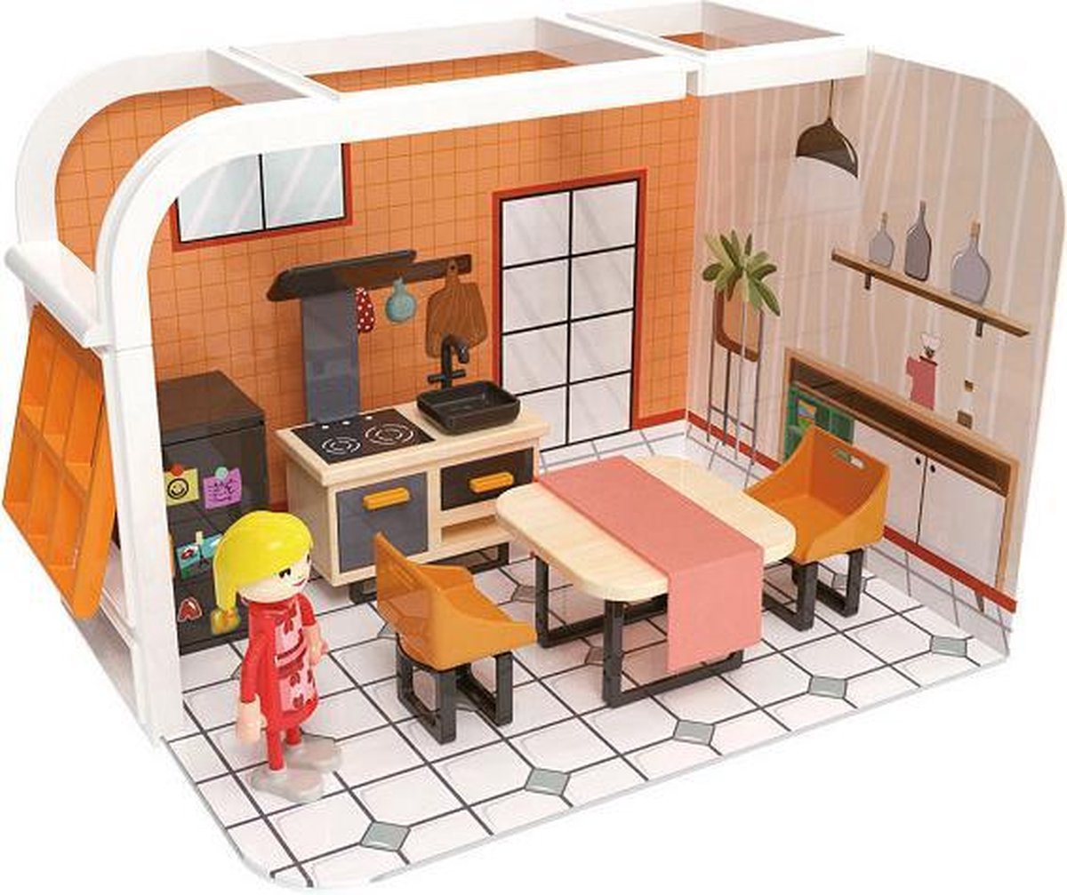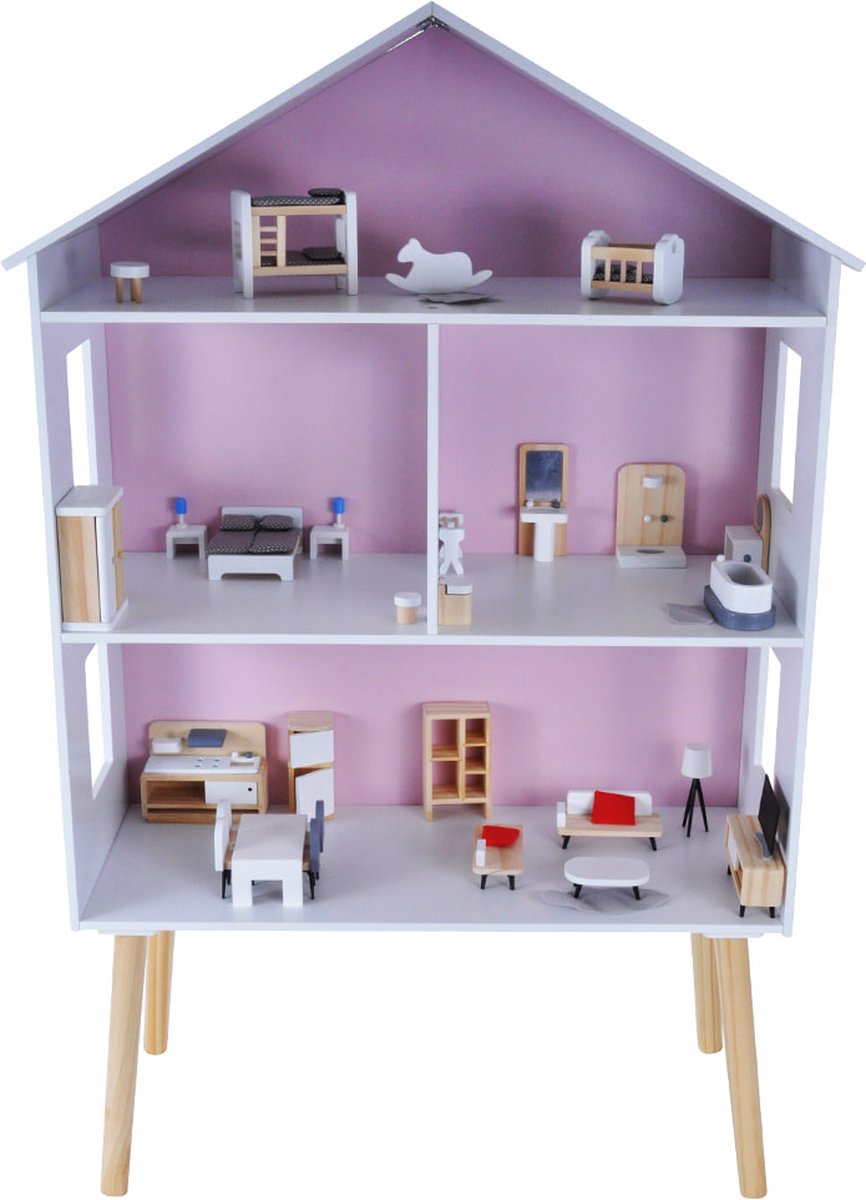 ® Lynn – Hout - incl. 25 Meubels & Poppen - 85 cm - Grachtenpand Design - Off white
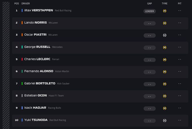 随着五盏红灯熄灭,2025赛季F1收官站——阿布扎比站正赛正式开始!维斯塔潘切线起步,相当干脆的稳住自己的领先位置!随后令人意外的是,白胎起步的皮亚斯特里竟然在9号弯从外线超越黄胎起步的诺里斯来到第二,让诺里斯去到了第三名的位置。
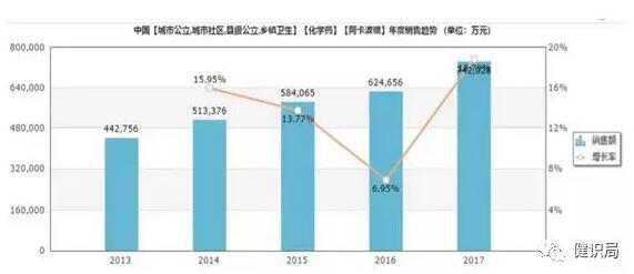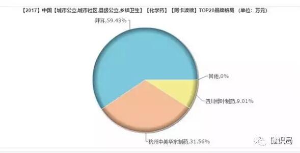 阿卡波糖,是国内糖尿病第一大口服用药,其市场之大可想而知。根据公开资料引用米内网数据显示,阿卡波糖2017年公立医疗机构市场用药金额高达74.2亿元,增长率超过18%。预计加上零售市场合计规模在85亿元左右。
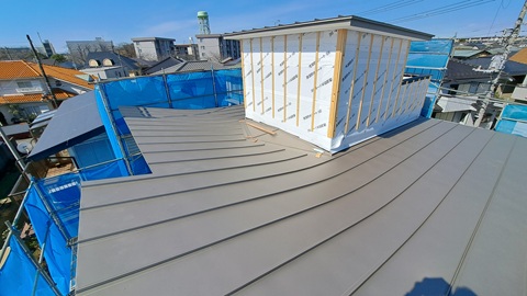 屋根工事が進みます。屋上の塔屋があったり、屋根を湾曲(反り上がります)させるため工程が複雑です。
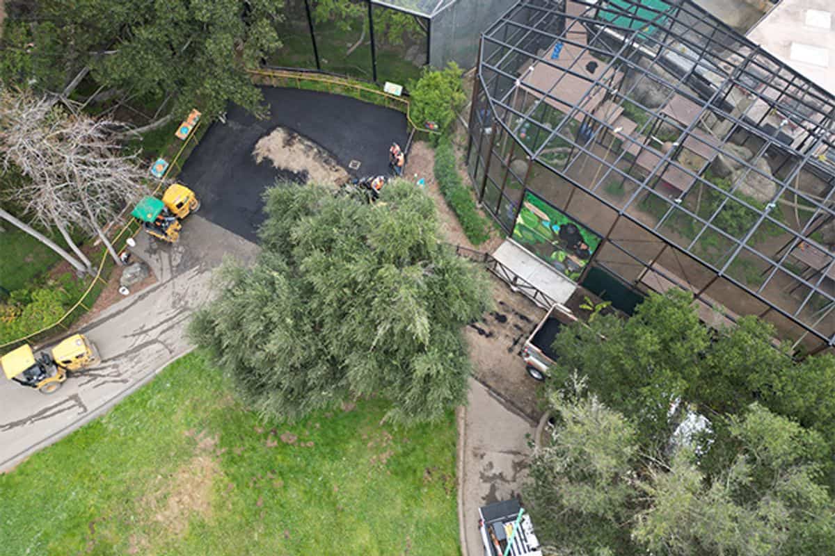 Crews removed approximately 4,500 square feet of existing asphalt, fine-graded the subgrade, and installed 3 inches of new hot mix asphalt, totaling about 80 tons. An additional 40 feet of new asphalt berm was also added to improve drainage and path definition. Despite limited access and time constraints, the team completed the work in just two days. While on site, McGuire and Hester also addressed several predetermined repair areas at the zoo’s request, helping to eliminate tripping hazards and enhance the overall visitor experience.
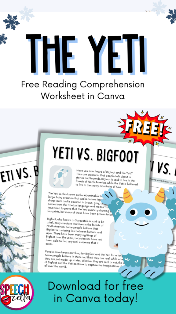 How to Catch a Yeti activities are fun in speech therapy because they are both silly and mysterious. They feel playful and fun for kids of all ages. Keep reading below to get all the free activities today!
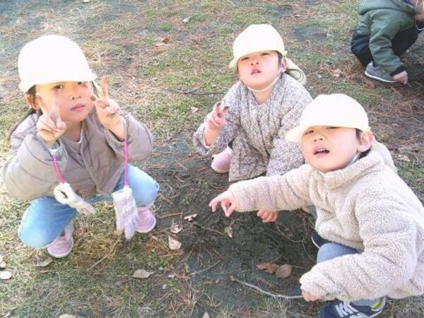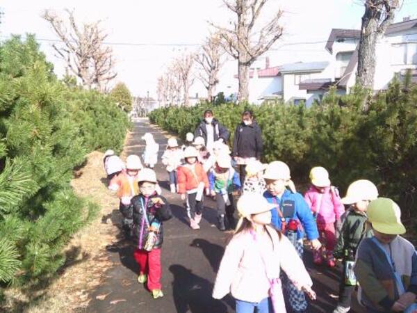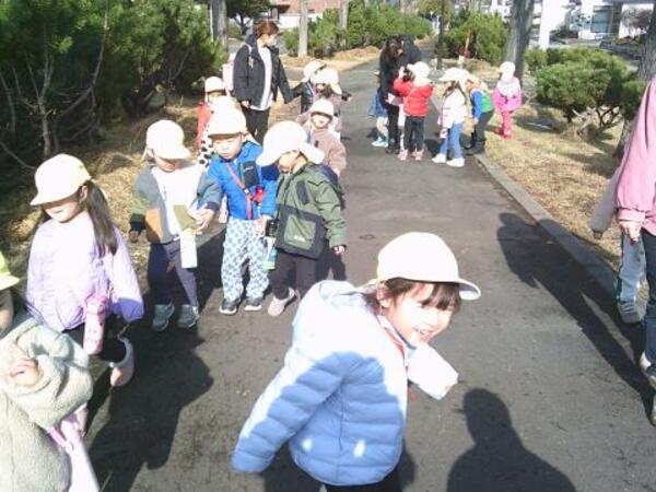 少し積もった雪を触ってみたり、落ちていた銀杏のにおいを嗅いでみたりと、自然にも沢山触れながら楽しく歩いてくることができました!! |

------------------------------------------------

_DIRECTIONS FOR THIS TASK_.
Could you return exactly the lines starting with the one that contains "How to Catch" and ending with the last line of the data above? Leave the pictures out.

_SOLUTION TO THE EXERCISE_.
 How to Catch a Yeti activities are fun in speech therapy because they are both silly and mysterious. They feel playful and fun for kids of all ages. Keep reading below to get all the free activities today!
 少し積もった雪を触ってみたり、落ちていた銀杏のにおいを嗅いでみたりと、自然にも沢山触れながら楽しく歩いてくることができました!! |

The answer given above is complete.